Liana is also the CEO & Founder of My Music Music, a company that matches students with teachers for private lessons, group classes, masterclasses, and live music events in Miami, New York, and online all over the world. Through My Music Match, Liana seeks to provide innovative, accessible, and customized musical experiences inspired by our ever evolving world.

Dr. Felicia Barber is the Associate Professor, Adjunct, of Choral Conducting at Yale University and conductor of the Camerata. In addition to teaching graduate-level choral conductors and aspiring undergraduate conductors, Dr.

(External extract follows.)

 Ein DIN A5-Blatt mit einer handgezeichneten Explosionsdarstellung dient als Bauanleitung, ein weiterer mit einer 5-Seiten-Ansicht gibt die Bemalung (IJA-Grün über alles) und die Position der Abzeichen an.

Barber is developing a new initiative designed to prepare Yale students to work with young musicians on choral music in school and church settings.

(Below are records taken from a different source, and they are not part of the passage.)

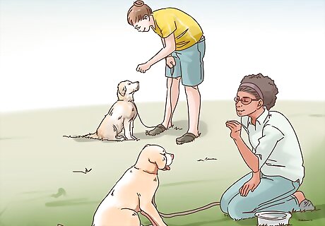 Take the dog to obedience classes. If you are afraid your dog won't behave well in the house, or if you can't seem to get them trained, then you may want to consider getting help. You can enroll your dog in obedience classes or hire a professional dog trainer. Professional training can help your dog become house trained, learn basic commands, and stop barking or chewing. Make sure you only hire trainers who use humane training techniques. Your dog should not be harmed or treated badly while learning. Make sure the training classes use positive reinforcement and praise.
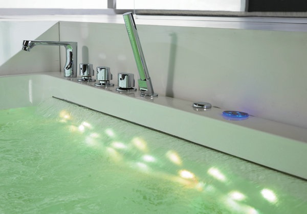 Rãnh nước tạo thác được thiết kế theo chiều dài của bồn. Chắc chắn, chúng ta sẽ cảm thấy mãn nhãn với vẻ đẹp của thác nước nhân tạo này. Bên cạnh đó, thác nước này còn có tác dụng tạo lực chuyển động cho bồn nước bên dưới. Bồn có nút điều chỉnh thác nước, bạn có thể tuỳ ý điều chỉnh lực thác nước theo ý mình.
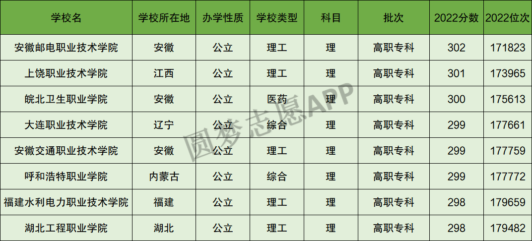 江西省300分左右的理科专科大学有安徽邮电职业技术学院、上饶职业技术学院、皖北卫生职业学院、大连职业技术学院、安徽交通职业技术学院、呼和浩特职业学院、福建水利电力职业技术学院、湖北工程职业学院等8所大学,均为公立大学。

Previous to her appointment at Yale, Dr. Barber served as Associate Professor of Music and Director of Choral Activities at Westfield State University in Westfield, MA, where she conducted the University Chorus, Chamber Chorale, and Gospel Choir; as well as taught courses in conducting and choral methods for nine years. In addition to her position at Westfield, Dr. Barber also served as Choral Lecturer for the summer master’s program at Gordon College for five years. There she taught courses in Choral Conducting and Choral Music Education for the MME degree.

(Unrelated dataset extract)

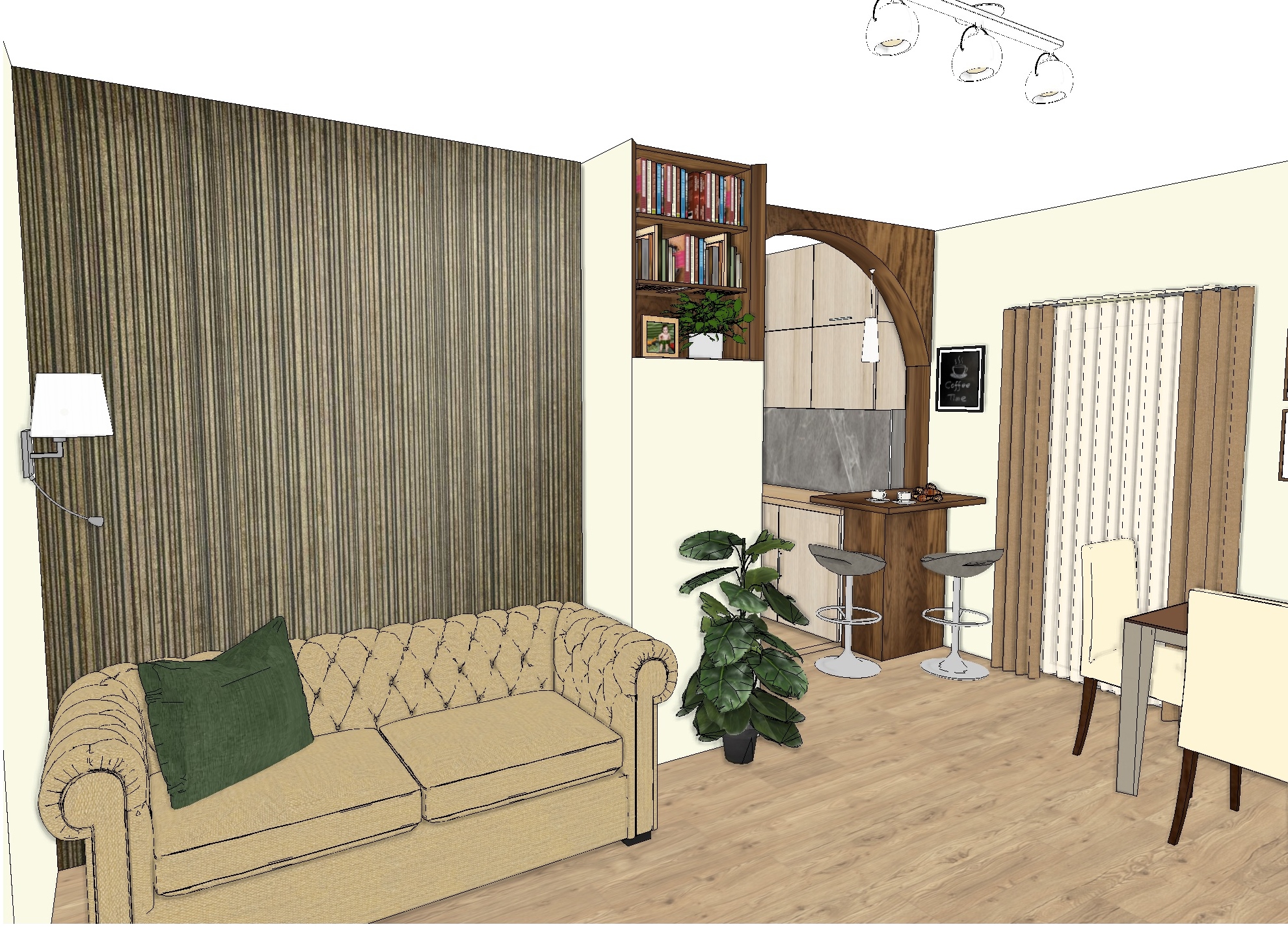 put picture on the wall and there is a kitchen behind the counter leave it open

Dr. Barber, whose research interests include effective teaching strategies, fostering classroom diversity and incorporating equity and justice initiatives in choral curricula, and the linguistic performance practice of African American spirituals, has contributed to such periodicals as the American Choral Directors Association’s Choral Journal and is the author of A New Perspective for the Use of Dialect in African American Spirituals: History, Context, and Linguistics (Rowman & Littlefield, 2021).
An active member of American Choral Directors Association (ACDA), she has presented her research at state, divisional, and national conferences. Dr. Barber has also served the organization on the National Diversity Committee, the Eastern Division 2020 Conference committee, and is the current President of the Massachusetts ACDA board. In addition, she is regularly engaged as a guest conductor for youth and community festivals around the country; including several All-State ensembles including Vermont, Oklahoma, California, as well as upcoming festivals in Louisiana, New Hampshire, North Carolina, Wisconsin, and Rhode Island.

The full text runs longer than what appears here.